Vijay Ahuja, our director and vice chairman, entered into a service agreement with Eros International Pte Ltd to provide services to us and our subsidiaries. The service agreement is terminable by either party with twelve months’ written notice. Eros International Pte Ltd may terminate the agreement immediately in certain circumstances, including upon certain types of misconduct or upon paying the executive an amount equivalent to his basic salary for a twelve month period. The agreement shall automatically terminate on his 65th birthday. Mr. Ahuja receives a basic gross annual salary and is entitled to participate in any current bonus scheme and/or option scheme applicable to his position. The agreement contains a confidentiality provision and non-competition and non-solicitation provisions that restrict Mr. Ahuja for a period of six months following termination.

 

Our non-executive directors, Naresh Chandra, who also serves as Chairman of Eros India, and Dilip Thakkar, have entered into letters of appointment with us that provide them with annual fees of $78,125 for service as a director of Eros International Plc. The appointments are for an initial period of one year, and thereafter are terminable by either the non-executive director or us with three months’ written notice, or by us immediately in the case of fraud.

 

Greg Coote will be a non-executive director effective upon the listing of our A ordinary shares on the NYSE subject to a letter of appointment executed by and between us and Mr. Coote providing him with annual fees of $93,750 for service as a director of Eros International Plc. The initial term of this agreement is three years, subject to Mr. Coote’s re-election in accordance with our articles of association, and thereafter is terminable by either Mr. Coote or us with three months’ written notice, or by us immediately in the case of fraud.

 

Michael Kirkwood has entered into a letter of appointment with us providing him with annual fees of $93,750 for service as a director of Eros International Plc. Mr. Kirkwood is also eligible for additional fees for certain additional Board related work or special projects.
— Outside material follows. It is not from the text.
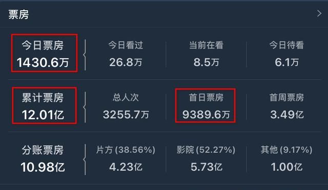 《中国医生》累计票房突破了12亿,成为了近期累计票房最高的影片。该片首日票房为9300多万,靠着不错的口碑基础,该片一直都保持着足够多的排片量。

The initial term of this agreement is three years subject to Mr. Kirkwood’s re-election in accordance with our articles of association, and thereafter is terminable by either Mr. Kirkwood or us with three months’ written notice, or by us immediately in the case of fraud.

 

Pranab Kapadia, our President of Europe and Africa Operations, entered into a service agreement with Eros International Limited to provide services to us and certain of our subsidiaries.  The service agreement is terminable by either party with three months’ written notice.  Eros International Ltd may terminate the agreement immediately in certain circumstances, including upon certain types of misconduct or upon paying the executive an amount equivalent to his basic salary for a three month period.  Mr. Kapadia receives a basic gross annual salary and is entitled to participate in any current bonus scheme applicable to his position.  The agreement contains a confidentiality provision and non-competition and non-solicitation provisions that restrict the executive for a period of twelve months following termination.